Saturday, October 01, 2005

How do you glorify terrorism?

I mean, that's the real issue about the whole thing isn't it? When does talking about terrorism cross over the line into glorifying terrorism?

Fundamentally, I believe we have in Britain the right to free speech. That is, assuming we are not accusing anyone else of doing something criminal or obviously being predjudiced, we can say whatever we want. People might disagree with you, but then that's a good thing because it encourages further debate. Being tolerant enough to accept that people might have different ideas to you is part and parcel of living in a free, democratic society. To pull out the old and cliched quote from Voltaire 'I may disagree with what you say, but I will defend to the death your right to say it.'

Not any more, or at least so it seems. Now we cannot 'glorify' terrorism. So back to the first point; what is glorifying terrorism? Now to my mind, whipping a crowd into an ideological frenzy, encouraging martyrdom and sending people off to commit acts of terrorism is pretty much already covered by existing legislation. As Liberty's initial reactions to the anti-terror bill comment, "There are sufficient measures in the current criminal law to allow prosecutions where necessary." So what is it exactly that the government is trying to stop - fuel protestors? animal rights groups? hecklers?

Glorification is difficult to pin down. Considering that universities have now been put on watch for 'extremists', does this mean that academic discussion of terrorism is going to be cracked down on? This cannot happen - there is a world of difference in my mind between debate and acceptance. Looking at an event from a different perspective is called being objective - terrorist/freedom fighter, and all that. There are two sides to every story; we should not allow our government to ban the side they do not like.

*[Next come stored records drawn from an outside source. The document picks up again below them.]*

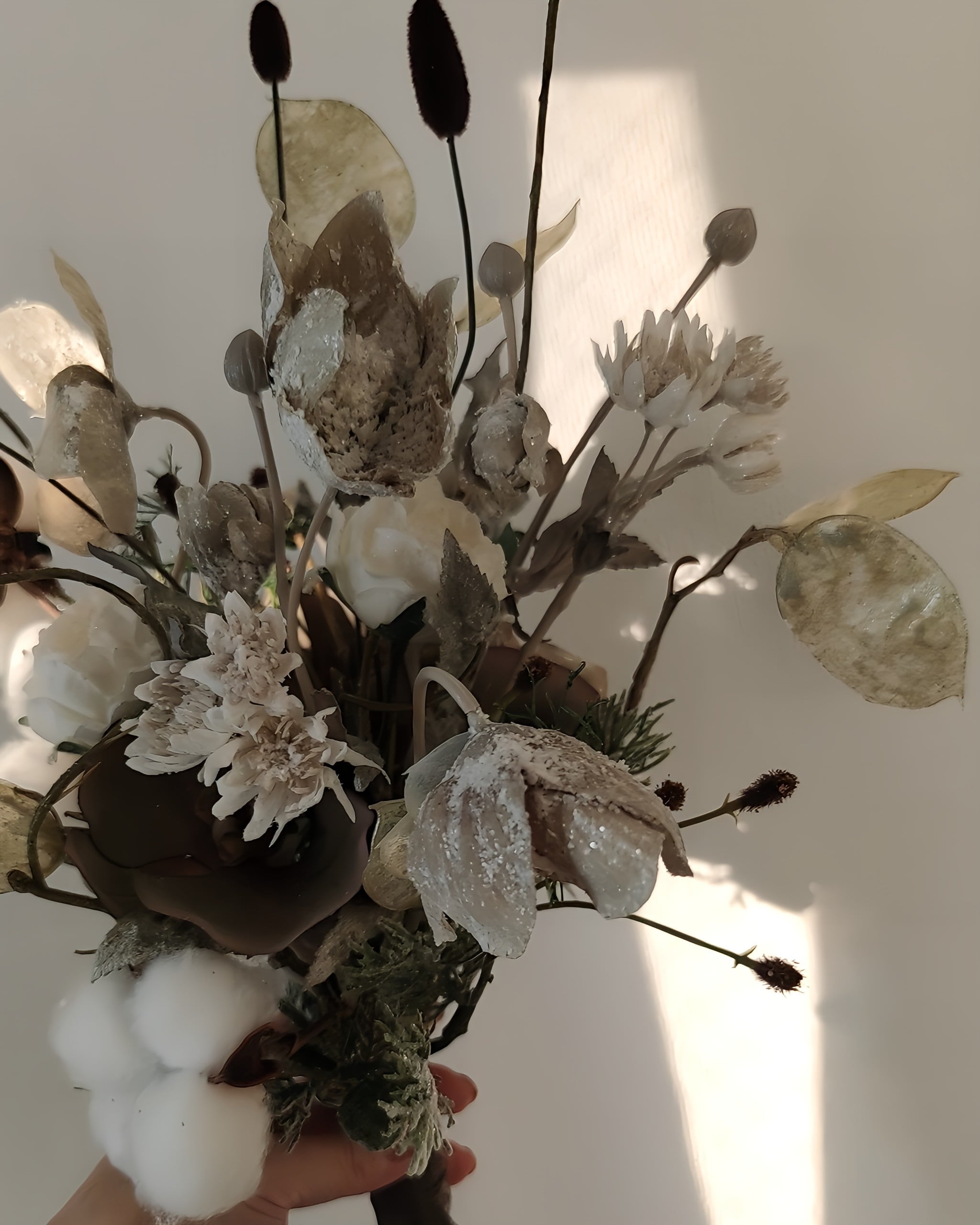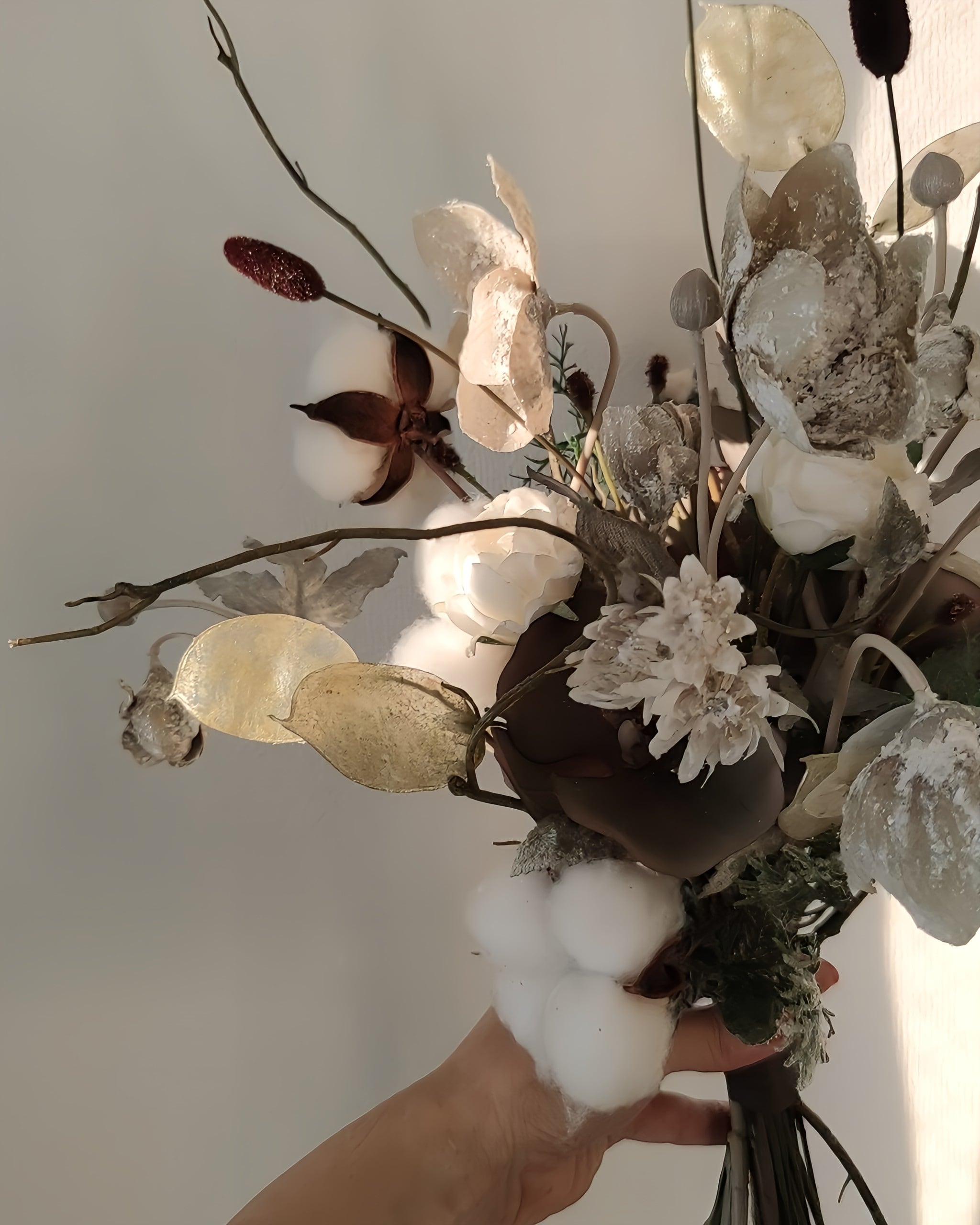 ハイグレードのアーティフィシャルフラワーからさらに、質感など本物に見えるお花や葉を厳選しブーケを束ねています。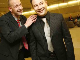 Ne boj se tožbe Nine Osenar, saj ne bo tako hudo; televizijski voditelj Jože Činč tolaži lastnika in direktorja Čarli TV Sebastjana Artiča.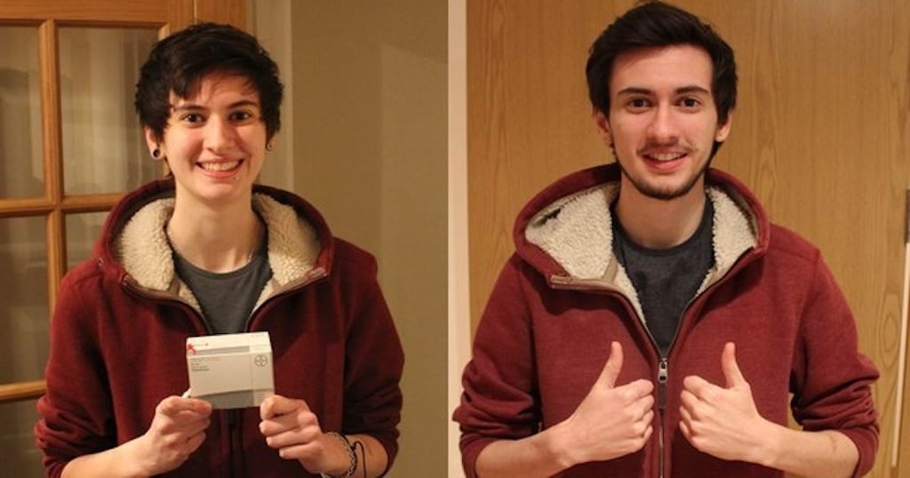Ο φοιτητής και δημοφιλής στο YouTube, Jamie Raines, ήταν 18 ετών, όταν αποφάσισε να ξεκινήσει να παίρνει τεστοστερόνη, μια ορμόνη που βοηθάει τους διεμφυλικούς άντρες να γίνουν πιο αρρενωποί και να γίνει πιο τραχιά η φωνή τους. Εδώ τον βλέπουμε την πρώτη μέρα της αγωγής, κρατώντας την φάρμακο.

And that's another thing. (And a final thing, before I go on forever) You want glorifcation of terrorism, how about funding and supporting terrorism? OK, it's a cheap dig, but it highlights a greater point - if you support a group which later becomes a terrorist group, are you to be held accountable for what you may have said or done in the past? It's a tricky world out there, and loose fitting, ill thought out legislation helps no one.

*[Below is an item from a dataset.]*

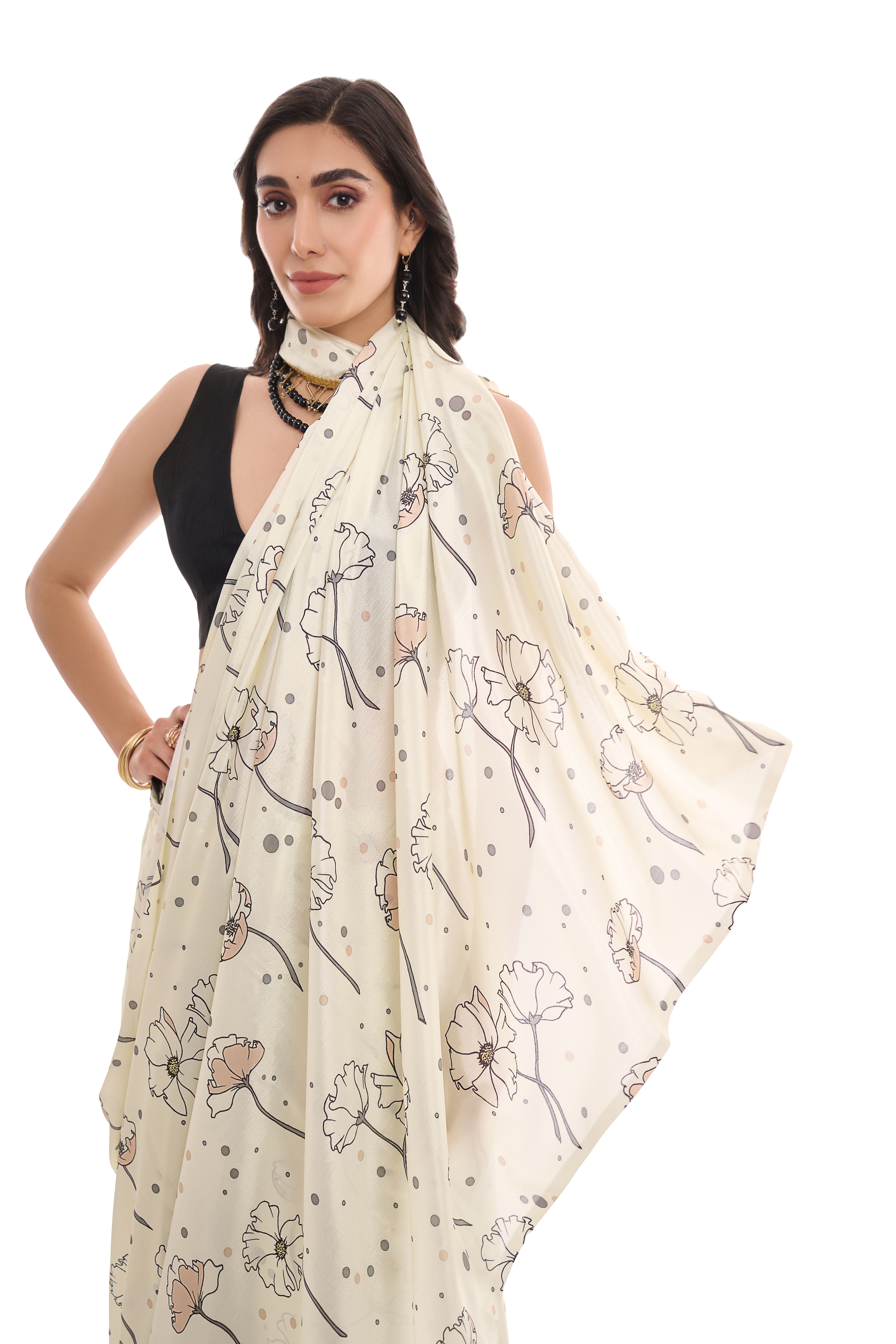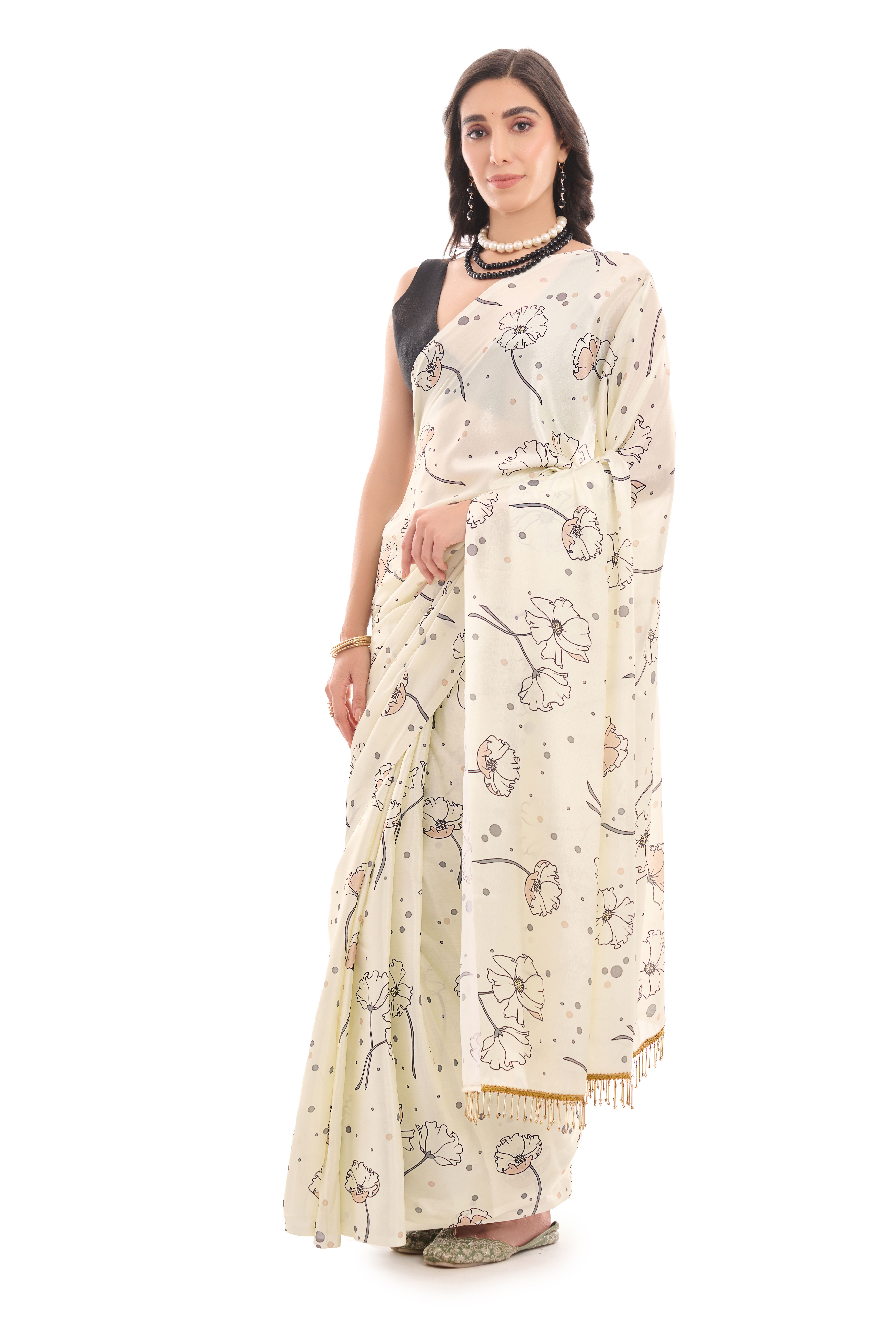 Cream Color Chinon Fabric Designer Prinnted Ready To Wear Saree

Be careful what you think.


KathyF said...

The problem is, glorify is not a legal word. It is a political word, and politicians will use it. But lawyers will have the devil of a time enforcing it.

In the States we have a rule that you have the right to free speech, but you don't have the right to yell "Fire" in a crowded theatre. In other words, when your words cause harm, you can be held liable.

Reasonable enough, and enforceable.

MatGB said...

Very true, which is why I doubt it has any chance whatsoever of getting through the Lords.

Never been 100% on the calling fire thing, it's never been explained to me in a "where does the greay area end" way. As Paul points out, incitement is already a crime, but I'd hate to see, for example, a biographer of Mandela (by definition under TACT a terrorist in his youth) being arrested for glorifying.

Actually, wat am I saying; I'd love to see it happen, sometimes the only way to get rid of a law is to reduce it to the absurd.

Still, comments! Paul, do you get the email notification as well? Great post BTW, pretty much agree completely.

PaulJ said...

No, I don't get the notification. Didn't see that I had the choice either, but i'll go look.

It's exactly the point that it's such a loose term that makes it so dangerous. We've already seen a certain amount of 'stretching' the Terrorism Act, so I've no doubt we'd see a stretching of the 'glorifying' term either.

It's not really about the legal aspect to me though - if a person gets arrested, is detained and perhaps goes through a lengthy trial, even if it is thrown out as ridiculous, that person has still been mistreated and scapegoated for however long it takes to sort out. We can live without that by nipping it all in the bud right now before it even takes off.

Thanks for the comments though - nice to see people take the time to consider what I say.